Double Derivative of f(x) = (-5x^2+3x)/(2x^2-5)

[f22archrer]

Homework Statement

f(x) = (-5x^2+3x) / (2x^2-5)

Homework Equations

f 'x)=
(-6x^2+50x-15) / ( 2x^2-5)^2

The Attempt at a Solution

f ''x= ?

 

[berkeman]

Homework Statement

f(x) = (-5x^2+3x) / (2x^2-5)

Homework Equations

f 'x)=
(-6x^2+50x-15) / ( 2x^2-5)^2

The Attempt at a Solution

f ''x= ?

Can you please show all the steps you used to take the first derivative?

 

[f22archrer]

f'(x) = (2x^2 -5)((-10x+3) -(-5x^2+3x)4x) / 2x^2-5
= -20x^3 +6x^2+50x-15+20x^3-12x^2 / (2x^ - 5)^2
= -6x^2 +50x-15 / (2x^2 - 5)^2

 

[berkeman]

f'(x) = (2x^2 -5)((-10x+3) -(-5x^2+3x)4x) / 2x^2-5
= -20x^3 +6x^2+50x-15+20x^3-12x^2 / (2x^ - 5)^2
= -6x^2 +50x-15 / (2x^2 - 5)^2

Thanks, that makes it much easier to check. I think it's correct so far, now just apply the quotient rule one more time to get the second derivative...

 

[lurflurf]

Either use the quotient rule on your first derivative (which is right), or use the second derivative quotient rule, or use the product rule.

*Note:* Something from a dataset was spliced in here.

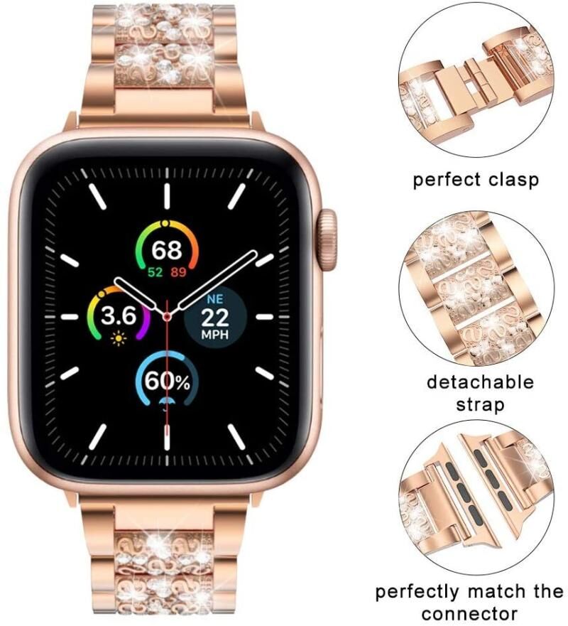 Three Stainless Steel Straps with Rhinestones For Series 7 45mm / 6 & SE & 5 & 4 44mm / 3 & 2 & 1 42mm(Black)
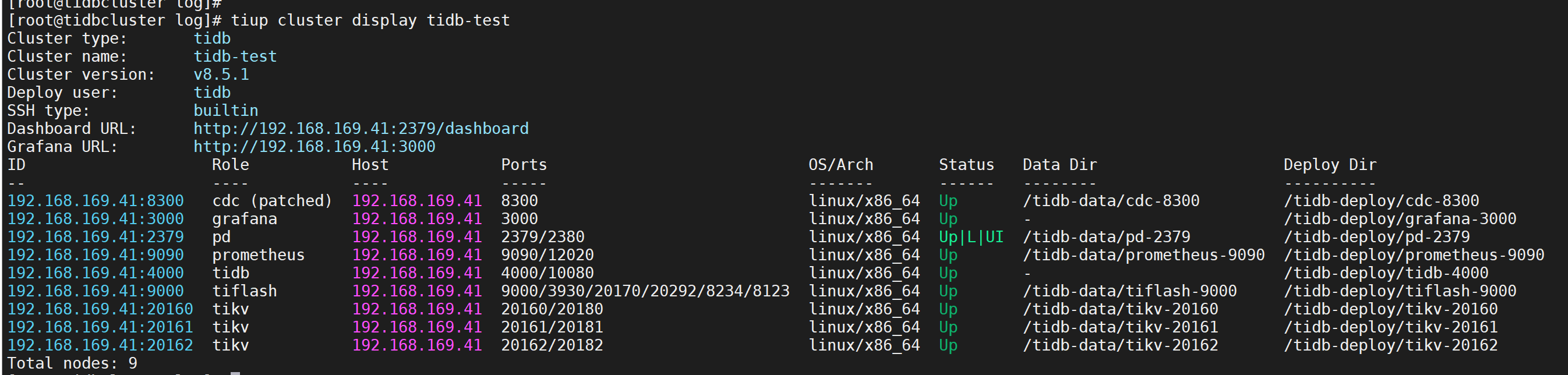 [root@tidbcluster soft]# tiup cluster reload tidb-test

\left( \dfrac{u}{v} \right) ^{\prime \prime}=\dfrac{u^{\prime \prime} v^2-2u^\prime v v^\prime+2u (v^\prime)^2-u v^{\prime \prime}}{v^3}

 

[SammyS]

f'(x) = ((2x^2 -5)( -10x+3) -(-5x^2+3x)4x) / (2x^2-5) ²

= (-20x^3 +6x^2+50x-15+20x^3-12x^2 ) / (2x^ - 5)^2

= ( -6x^2 +50x-15 ) / (2x^2 - 5)^2

It helps to use sufficient number of parentheses. A little spacing can also help.